# Exercise data
┌────────
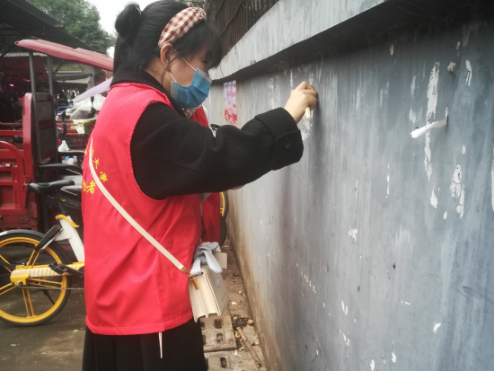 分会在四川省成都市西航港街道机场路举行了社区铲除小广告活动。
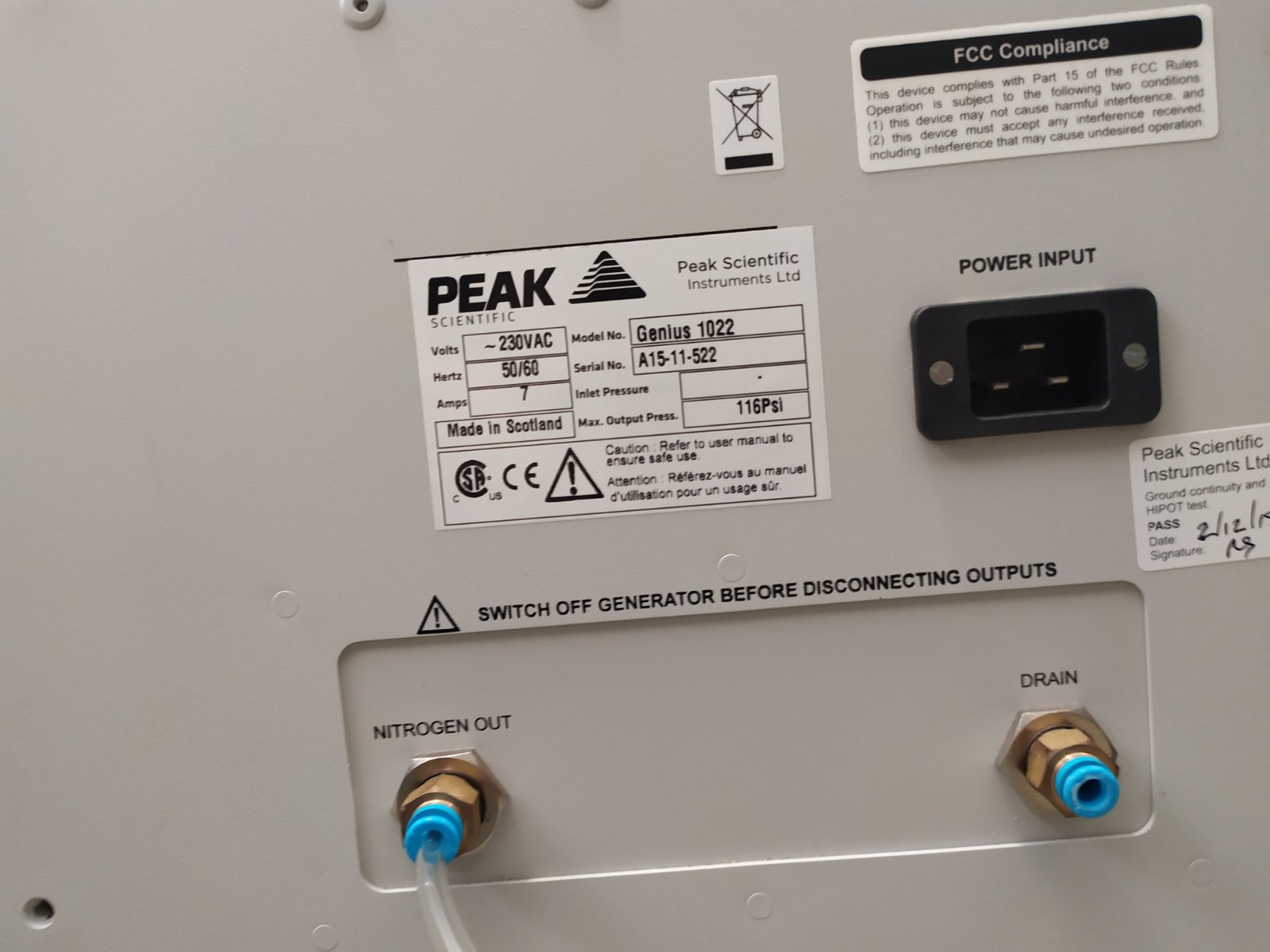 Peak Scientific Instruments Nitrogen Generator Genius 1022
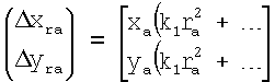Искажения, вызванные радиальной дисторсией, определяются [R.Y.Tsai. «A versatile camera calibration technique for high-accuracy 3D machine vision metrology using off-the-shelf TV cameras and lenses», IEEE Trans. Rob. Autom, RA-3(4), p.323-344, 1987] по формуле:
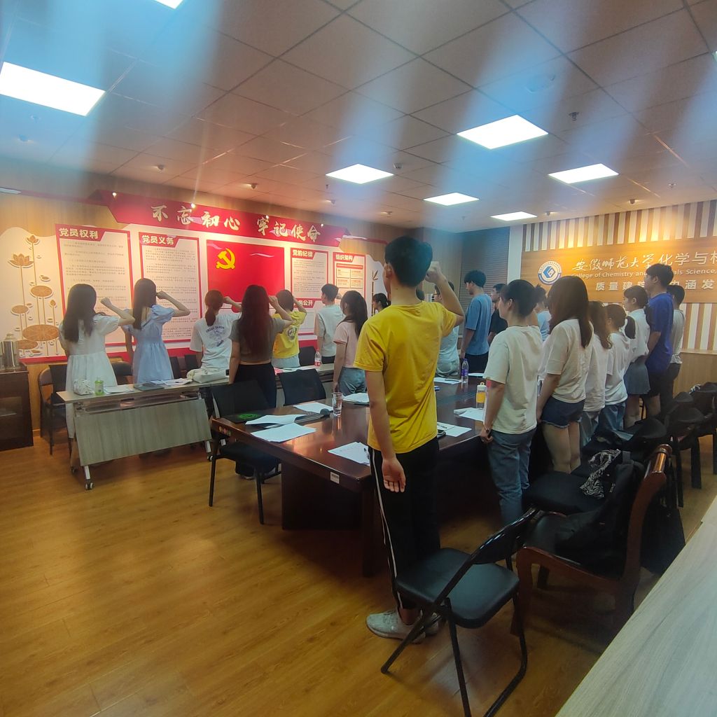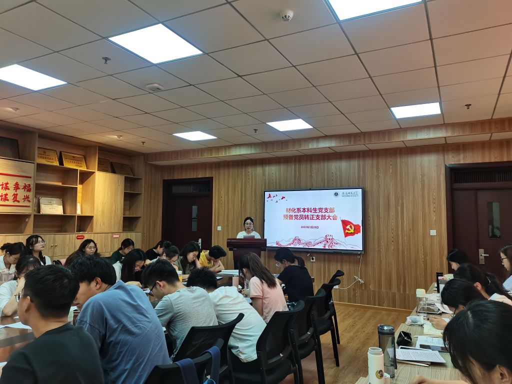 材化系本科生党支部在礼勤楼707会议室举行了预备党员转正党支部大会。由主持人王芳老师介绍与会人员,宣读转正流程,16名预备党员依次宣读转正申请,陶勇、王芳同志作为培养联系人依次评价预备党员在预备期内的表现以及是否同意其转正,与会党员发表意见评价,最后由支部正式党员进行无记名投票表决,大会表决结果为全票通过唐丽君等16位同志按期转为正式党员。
└────────
# Work to be completed
Transcribe the listing exactly. Its images are to be omitted.

# Result for this exercise
 分会在四川省成都市西航港街道机场路举行了社区铲除小广告活动。
 Peak Scientific Instruments Nitrogen Generator Genius 1022
Искажения, вызванные радиальной дисторсией, определяются [R.Y.Tsai. «A versatile camera calibration technique for high-accuracy 3D machine vision metrology using off-the-shelf TV cameras and lenses», IEEE Trans. Rob. Autom, RA-3(4), p.323-344, 1987] по формуле:
 材化系本科生党支部在礼勤楼707会议室举行了预备党员转正党支部大会。由主持人王芳老师介绍与会人员,宣读转正流程,16名预备党员依次宣读转正申请,陶勇、王芳同志作为培养联系人依次评价预备党员在预备期内的表现以及是否同意其转正,与会党员发表意见评价,最后由支部正式党员进行无记名投票表决,大会表决结果为全票通过唐丽君等16位同志按期转为正式党员。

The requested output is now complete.